Goal of the exercise: The data below is to be written out exactly, with no pictures.

• • • • • • •

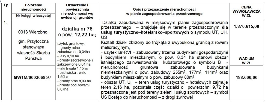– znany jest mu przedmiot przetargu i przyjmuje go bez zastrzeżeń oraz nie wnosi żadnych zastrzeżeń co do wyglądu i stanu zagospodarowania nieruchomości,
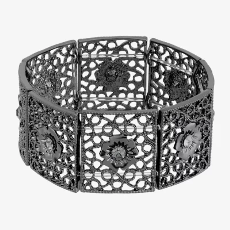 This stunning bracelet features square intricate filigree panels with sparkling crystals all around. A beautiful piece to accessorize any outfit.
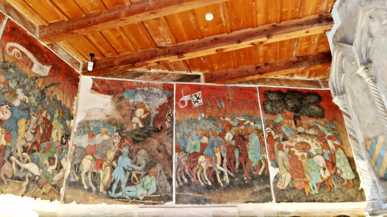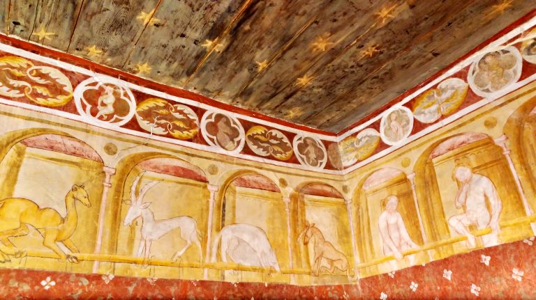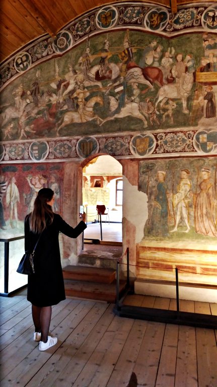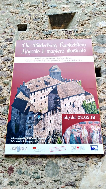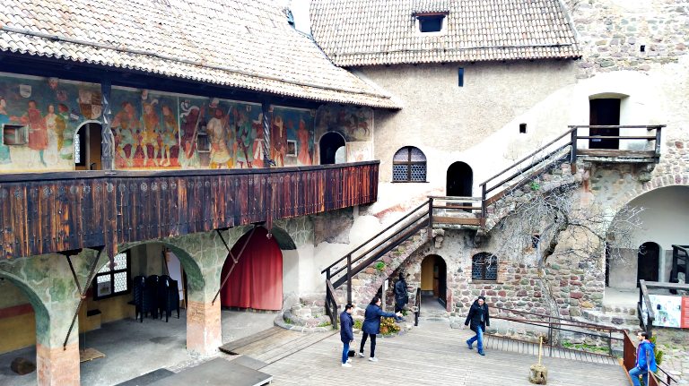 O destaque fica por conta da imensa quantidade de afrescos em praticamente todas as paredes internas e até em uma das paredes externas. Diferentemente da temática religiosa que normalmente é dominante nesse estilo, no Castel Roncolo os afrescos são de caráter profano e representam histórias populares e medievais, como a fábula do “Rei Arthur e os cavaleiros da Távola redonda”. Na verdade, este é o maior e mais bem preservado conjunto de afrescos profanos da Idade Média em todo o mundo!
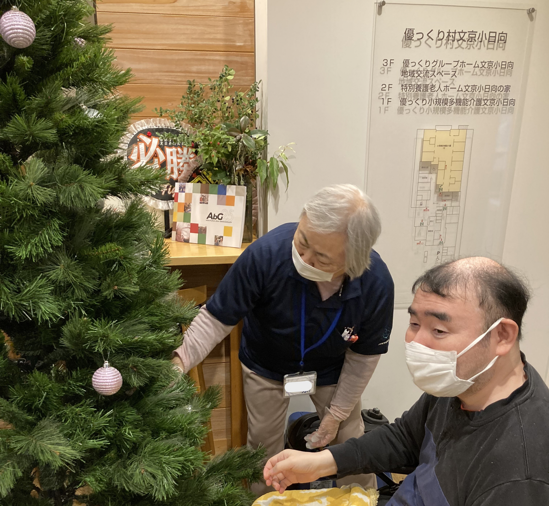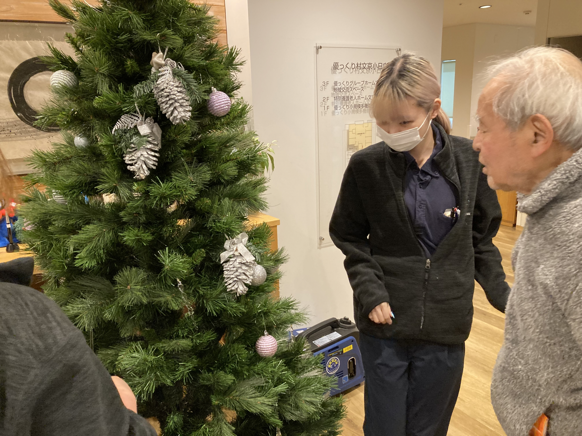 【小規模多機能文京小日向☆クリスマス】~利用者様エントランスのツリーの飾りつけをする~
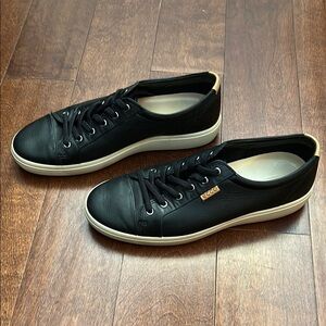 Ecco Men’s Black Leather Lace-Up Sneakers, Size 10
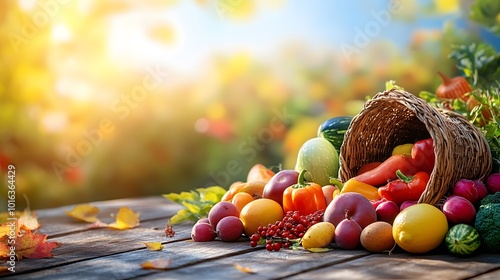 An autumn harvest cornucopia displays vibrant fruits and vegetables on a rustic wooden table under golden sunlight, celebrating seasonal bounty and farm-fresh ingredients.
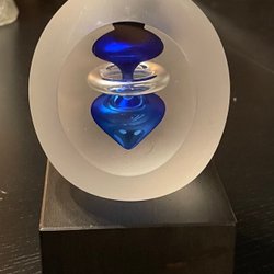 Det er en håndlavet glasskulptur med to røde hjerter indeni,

• • • • • • •

Response:
– znany jest mu przedmiot przetargu i przyjmuje go bez zastrzeżeń oraz nie wnosi żadnych zastrzeżeń co do wyglądu i stanu zagospodarowania nieruchomości,
 This stunning bracelet features square intricate filigree panels with sparkling crystals all around. A beautiful piece to accessorize any outfit.
 O destaque fica por conta da imensa quantidade de afrescos em praticamente todas as paredes internas e até em uma das paredes externas. Diferentemente da temática religiosa que normalmente é dominante nesse estilo, no Castel Roncolo os afrescos são de caráter profano e representam histórias populares e medievais, como a fábula do “Rei Arthur e os cavaleiros da Távola redonda”. Na verdade, este é o maior e mais bem preservado conjunto de afrescos profanos da Idade Média em todo o mundo!
 【小規模多機能文京小日向☆クリスマス】~利用者様エントランスのツリーの飾りつけをする~
 Ecco Men’s Black Leather Lace-Up Sneakers, Size 10
 An autumn harvest cornucopia displays vibrant fruits and vegetables on a rustic wooden table under golden sunlight, celebrating seasonal bounty and farm-fresh ingredients.
 Det er en håndlavet glasskulptur med to røde hjerter indeni,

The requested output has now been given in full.